男体・赤城の神争い

栃木県日光市

むかし、男体山の神と赤城山の神が、美しい中禅寺湖を領地にしようと奪い合う戦いをした。しかし中々勝負がつかず、男体の神は鹿島の神に助けを頼んだ。すると鹿島の神は自分が助けるよりも、男体の神の子孫の猿丸という弓の名人に助けを求めるように助言した。

猿丸は奥州に暮らしていた。男体の神は白い鹿に化けると猿丸の前に現われ、これを仕留めようとする猿丸を誘って日光に戻った。ここで男体の神は姿を戻すと自分が猿丸の祖先であることを語り、また赤城の神との争いの事情を話し、助力を求めた。

猿丸は引き受け、どのようにしたら良いのか問うた。男体の神は、自分が大蛇となり、赤城の神が大百足となって争うだろうから、その百足の目を弓矢で射抜くよう教えた。戦いが始まり、何千何万という眷属の蛇の群れと百足の群れが噛み合う凄まじい争いとなった。

猿丸はその中でひときは大きな蛇と百足が絡み合っているのを見つけ、これに違いないと大百足の目をめがけ矢を放った。矢は見事に目を射抜き、敗れた赤城の神は血を流しながら逃げ去っていった。

この戦いのあった野原を戦場ヶ原、勝負がついた所を菖蒲ヶ浜、男体の神が勝利を喜び歌い踊った所を歌ヶ浜という。
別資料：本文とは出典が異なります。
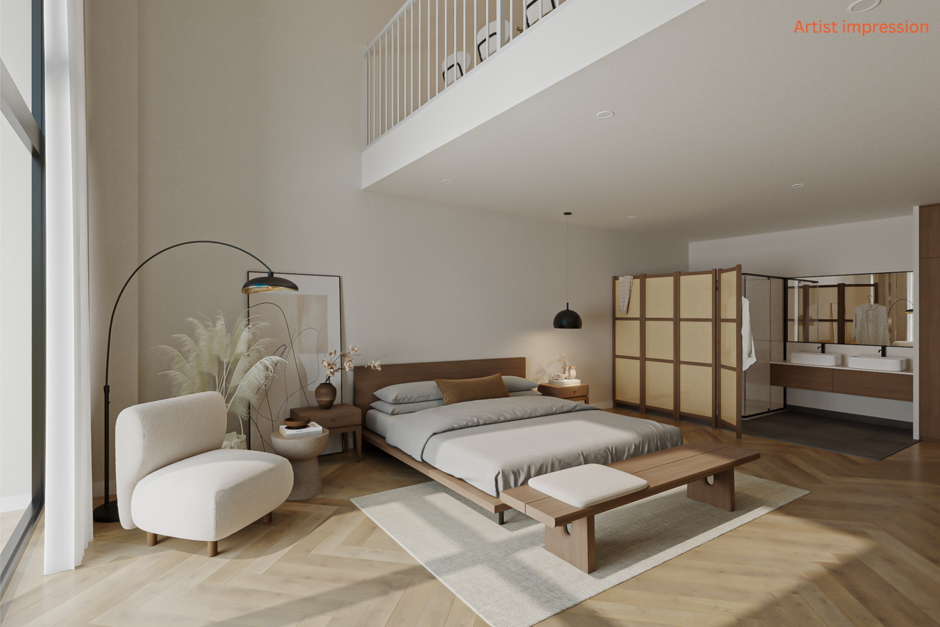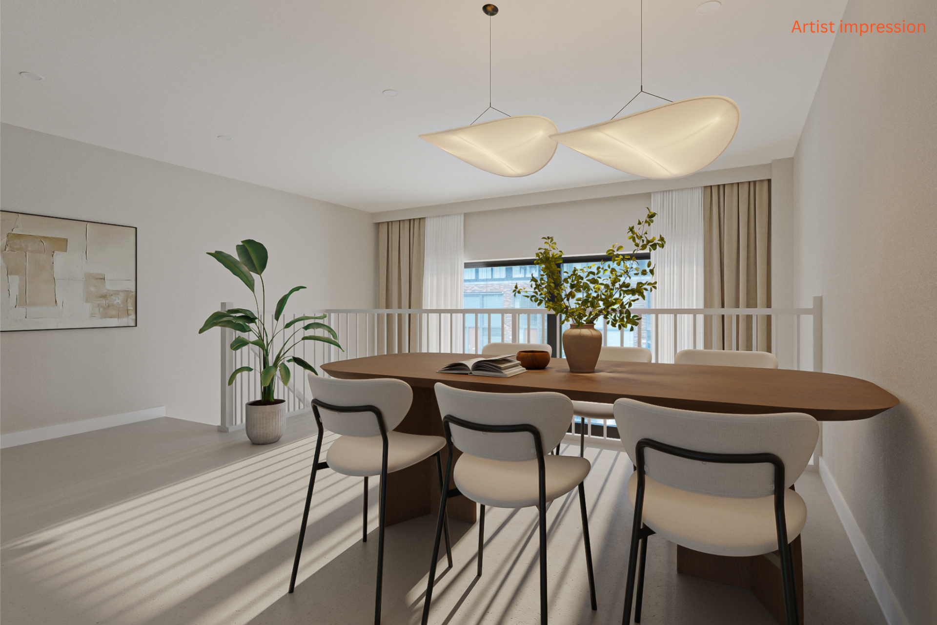 De loftwoning heeft een speelse indeling dankzij de vide en baadt door de grote raampartijen aan de voorzijde in natuurlijk daglicht. Het royale woonoppervlak geeft je alle vrijheid om naar eigen woonwens in te richten. Op de begane grond bevinden zich nu twee slaapkamers, waarvan één met een ensuite badkamer. Liever één grote open ruimte? Denk aan een ruime master bedroom, atelier, studio of multifunctionele werkruimte. Alles kan, het is maar net wat bij jouw plannen past.

また、今でも正月四日には男体山の神を祀る日光二荒山神社では、赤城山の方へ向って矢を射る武射祭が行われる。(『栃木の伝説』)

『日本伝説大系5』(みずうみ書房)より要約

「日光山縁起」では有宇中将が日光権現(男体の神)として示現され、赤城大明神と中禅寺湖の領有をめぐって争うのだが、中将らの示現という本地物の要素を除いて昔話風にすると上のようになるだろう。猿丸は下野小野氏の祖とされる(日光二荒山神社の代々の神官は小野氏)。
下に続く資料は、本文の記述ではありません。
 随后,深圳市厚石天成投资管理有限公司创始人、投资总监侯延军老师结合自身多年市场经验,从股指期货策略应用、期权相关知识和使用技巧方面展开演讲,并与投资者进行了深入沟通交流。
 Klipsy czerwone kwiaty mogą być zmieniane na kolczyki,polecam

しかし、野州では概ねこの筋に準拠して各類話が語られるというものの、「縁起」においては猿丸を誘う白鹿は女体権現(陸奥朝日長者の娘、朝日の君)であるし、その女体権現も「諏訪縁起事」では甲賀三郎の母ともなる。

さらに、猿丸は「日光権現事」に唵佐羅麼とあるが、「赤城大明神事」では赤城沼の龍神を唵佐羅摩女といっており、無関係とは思われない。まだ、示現太郎のことなども色々にあるが、要するに中世縁起の時点ですでに様々に錯綜したところがあって、一筋縄にこれが決定版、といかない難しいものとなる。

このようなイメージの広がりがあり、日光・赤城の神争いの話は、簡単に縁起に収斂させるわけにはいかないのだ。周辺いろいろさまざまの山の背比べ、巨人の争いの伝説と並べてみるということも必要だろう。